Par Bardibulle et Tac ou Tic (on ne sait jamais)
Première rencontre des Wallabric. Une équipe hétéroclite comme une salle de garde après minuit : du médical, de l’extra, du soignant, du cognant. Un ciment parfait pour monter un mur défensif. Un mur de BRIC. Une drôle de colle humaine faite pour bloquer les initiatives de nos castors dans leur préparation sportive et rugbystique. Au fait, il n’y a pas que la morue dans la vie il y a le rugby!

Trois tiers-temps de vingt minutes. Format court pour organismes longs à chauffer. Mais dès les premières collisions, le jeu prit cette odeur particulière des matchs qui comptent. Le pourquoi tient du caractère de celui qui mène et de celui du groupe. Point de pareil comme adjuvant : la sueur, le synthétique chauffé par les crampons et le ploc sourd et lourd d’une fabrique dans l’impact. Le brin d’herbe armé donne de l’engagement à chaque ploc. Oui Mon Adjuvant ! Les castors dans la mêlée perdent le sens du grade point de râle, la tête est en bas, il faut que le mur d’en face tombe ! Rémi sur le bord propose de creuser un tunnel, ou de passer par-dessus. Bref, deux défenses en attaque ça use les souliers ! La défense cogne et se prête aux ecchymoses. Ils assomment et ils soignent. Principe fondamental de toute équipe de médecins en herbe.

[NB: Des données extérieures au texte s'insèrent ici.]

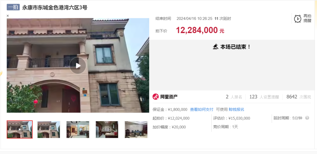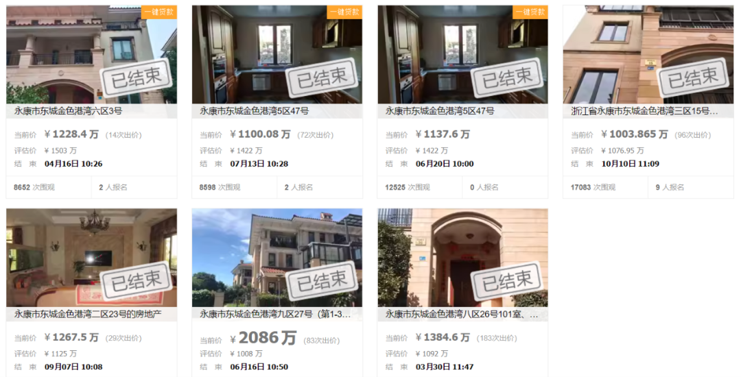 昨天,根据淘宝网司法拍卖平台信息显示,位于永康市经济开发区金色港湾的一幢排屋法拍成交
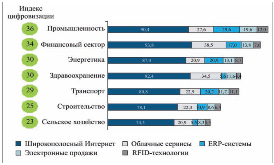 Индекс цифровизации и интенсивность использования цифровых технологий. Доля организаций, использующих цифровые технологии, %
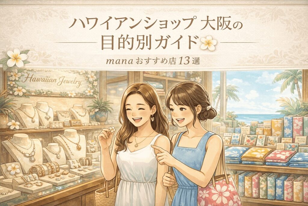 こんにちは!「アロハ旅ナビ」の運営者、manaです。大好きなハワイになかなか行けない時、私はよく大阪の街へ「ハワイ」を探しに出かけます。実は大阪には、現地直送の雑貨から本格的なフラ用品、一生モノのジュエリーまで、素敵なハワイアンショップが驚... -
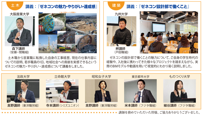 各大学とも、日建協加盟組合から派遣された講師による講義の前に、日建連より2025年に発表された『建設業の長期ビジョン2.0』についてのご説明を頂きました。
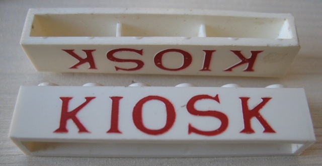 Brick 1 x 6 without Bottom Tubes with Cross Side Supports with Red 'KIOSK' Serif Pattern
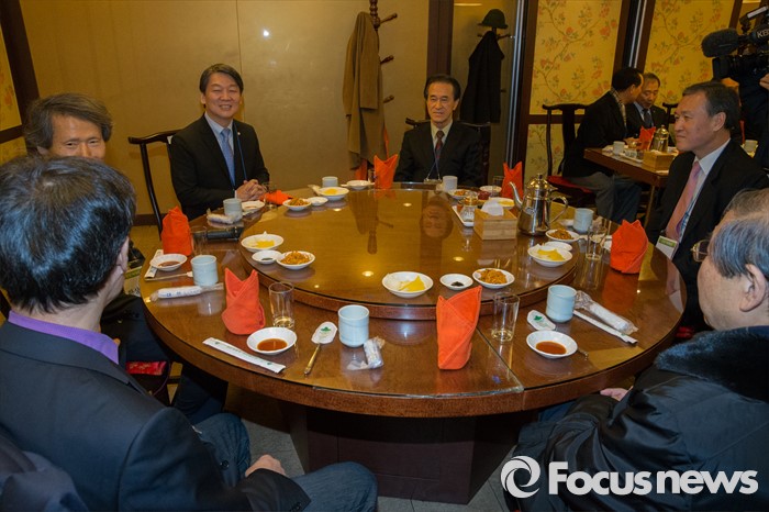 (서울=포커스뉴스) 8일 오후 서울 마포구 한 중식당에서 안철수 무소속 의원이 '2012년 진심캠프' 원년 멤버들과 만찬자리를 갖고 있다.
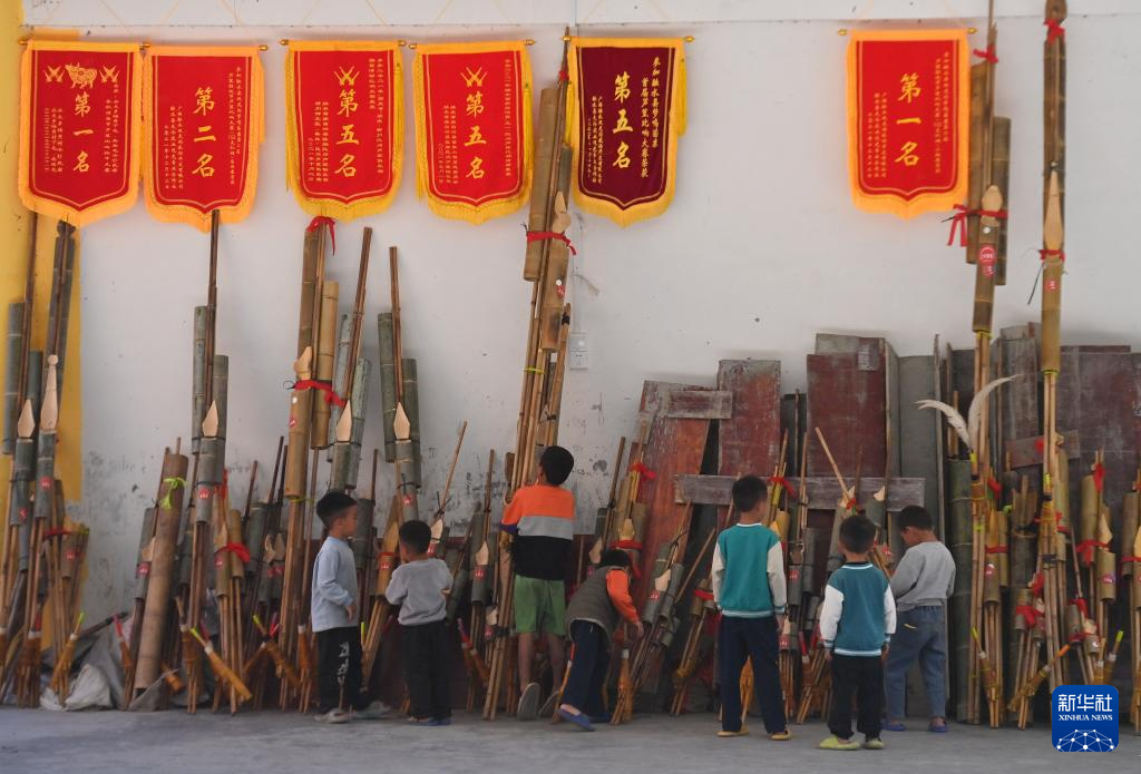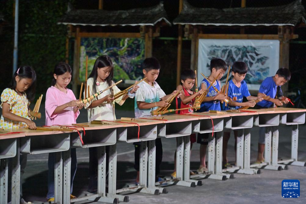 2024年8月8日,乌英苗寨的孩子们在参加芦笙组装比赛。

Notre Doc, lui, surfe les vagues. Le psy flotte parfois entre deux regroupements comme un homme qui aurait trouvé dans le rugby une thérapie plus honnête que les mots. Il se morfond comme d’autres castors en mode avatar dans l’attente d’une répare.

Julien menait l’affaire. Meneur, joueur, coach. Un trio Esperanza à lui seul. Un vase de jade posé dans une base de jazz. Chez lui, la parole tient du commandement et du théâtre de rue. Sa technique dépassait le rugby : il parlait en se touchant la bite comme d’autres déplacent des pions sur un tableau tactique. Car point de mots sans passion, et point d’union sans solide. Les mots du meneur: « Le jeu sera dur, nous sommes durs ! » Même le vulgaire devenait philosophie. Il a su éteindre la lumière à sa manière parce qu’en face ça jouait juste. Ça défendait dur. Très dur.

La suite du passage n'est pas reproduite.